I am trying to run the DeepSpeech inference engine version 0.7.0 on long audio files 30-45 minutes or even an hour long. The audio has been sampled at 44.1kHz. I see that client.convert_samplerate is using the Sox library and downsampling to 16kHz. This is just standard american accent with 2 speakers. The output I receive is way off and very often gibberish and is no way near the accuracy that I see on LibriSpeech test clean.
I tried clipping this to a 30 sec bit and the transcription only got marginally better.
Is there a suggested approach to address this ideally without retraining? Is retraining with larger audio clips even a solution here? I assume that this will be extremely slow even if I have the hardware to support this (and my batch size will have to be small).
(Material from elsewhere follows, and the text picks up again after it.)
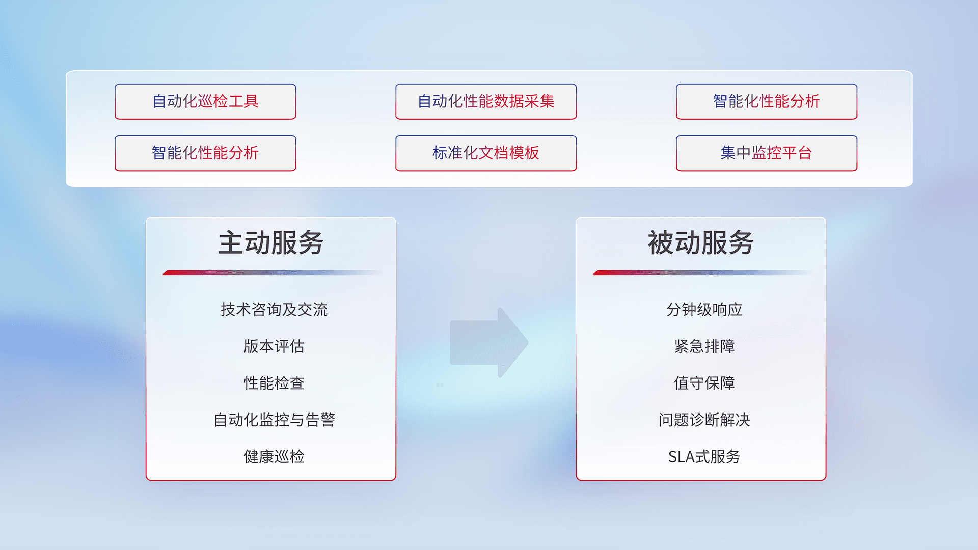 智能化工具和标准化文档,,保障服务质量,,提供主动服务(包含技术咨询、、、、版本评估、、、、性能检查、、、自动化监控与告警、、健康巡检)和被动服务包含(分钟级响应、、紧急排障、、值守保障、、、、问题诊断解决、、、SLA服务)。。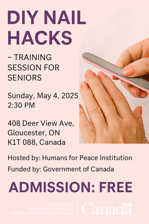L’Institution Humans for Peace est ravie d’annoncer la tenue prochaine d’une séance de formation en présentiel destinée aux aînés, intitulée « Astuces Ongles DIY », qui se déroulera le dimanche 4 mai 2025 à 14h30. L’événement aura lieu au 408 Deer View Ave, Gloucester, ON K1T 0B8, Canada, et est fièrement financé par le gouvernement du Canada.

Also is there a difference running from the 0.7.0 checkpoint files vs 0.7.0 pbmm model file?
Thanks
For what is worth, you can use the transcribe.py utility to quickly transcribe longer audio files with GPU batching. It is unlikely that your results have anything to do with the length of the file, most likely it’s the accent or recording characteristics that are doing poorly, or some other step is messed up like the downsampling, somehow.
What do you mean “running from the checkpoint files”? You mean with --one_shot_infer? If so, the biggest difference is that --one_shot_infer does not do resampling at all.
I meant specifying the --checkpoint_dir param vs --model param when using evaluate.py or transcribe.py or even running the DeepSpeech Python bindings with the 0.7.0 pbmm model. Should I expect the same transcription results whether I load this 0.7.0 checkpoint or 0.7.0 .pbmm model file?
I tried another test where I combined 10 of the longest files from LibriSpeech Test clean into a 5 min wav (my merge tool resulted in converting this to mp3 and upsampling to 48kHz). This longer upsampled LibriSpeech Test data produced expected transcription.
To provide some background on my test files - they are 2 or more people meeting recordings of atleast 30 min or longer in most cases, so there are occasional talk over each other scenarios as well. Is this something that should have been handled because the model was trained over Switchboard dataset (sorry I dont have access to this dataset and I am assuming since these are telephonic conversations, they will be some amount when people talk over each other).
I tried the transcript.py and it certainly is pretty fast when compared to the running the python and the results are slightly better. Do you suggest downsampling using any other library other than sox? As far as the accent goes, this is standard American accent but however there are more voice modulations than LibriSpeech as it is conversational. Do you have any suggestions on how this can be improved? Would you recommendation fine tuning the model as documented here
There is no tool that can take both types of input, so I’m not sure what you’re talking about. To answer the question in general, the results should be equivalent.
The assumption is incorrect, Switchboard has dedicated channels for each speaker, there is no overlap.
Nice!
SoX should be fine, just follow the flags used by our client. Some flags can affect the results somewhat, like dithering.
You can try fine tuning, just be mindful that it is a research task, not something you just hit a button and wait for it to be done. You’ll have to explore the parameters that work best for your data.
An easier possibility might be making your own language model, specially if the recorded conversations are about a specific subject matter, with jargon or unusual words and sentences. It is a faster experiment than fine tuning. There is some documentation on how to do that here: DeepSpeech/data/lm at master · mozilla/DeepSpeech · GitHub
An easier possibility might be making your own language model, specially if the recorded conversations are about a specific subject matter, with jargon or unusual words and sentences. It is a faster experiment than fine tuning. There is some documentation on how to do that here: https://github.com/mozilla/DeepSpeech/tree/master/data/lm
Is there any limitation on the size of the language model? Would it make sense to create txt file with the entire wikipedia text and use that as input for the generate_lm.py script?
Is there a rule of thumb on adding sentences for any word? For example if I want the model to recognize company names like Verizon, AirBnb etc how sentences should I add to help transcribe these words and at the same time not disturb what it is already doing right. Will adding more sentences increase the WER?
Thanks
The current language model has Wikipedia as far as I know, but the more data in it the merrier.
Ideally you have many sentences for every word.
WER will only improve if you add the right words Only words in the language model can be found.
And the standard parameters reduce the output a bit, if you compress/prune less, you’ll detect more, but you’ll need more memory. Always a compromise …
Thanks for the reply, @othiele
Please correct if i am wrong here, I was under the assumption that the LM binary was generated from the LibriSpeech normalized LM training text, available here. Is that not the case? I did not see any references to Wikipedia normalized text being used, however did notice some posts from people trying to use Wikipedia text. To me the confusion is because a lot of the sentences in librispeech-lm-norm.txt dont make real sense and yet the model seems to working well on inference for the most part.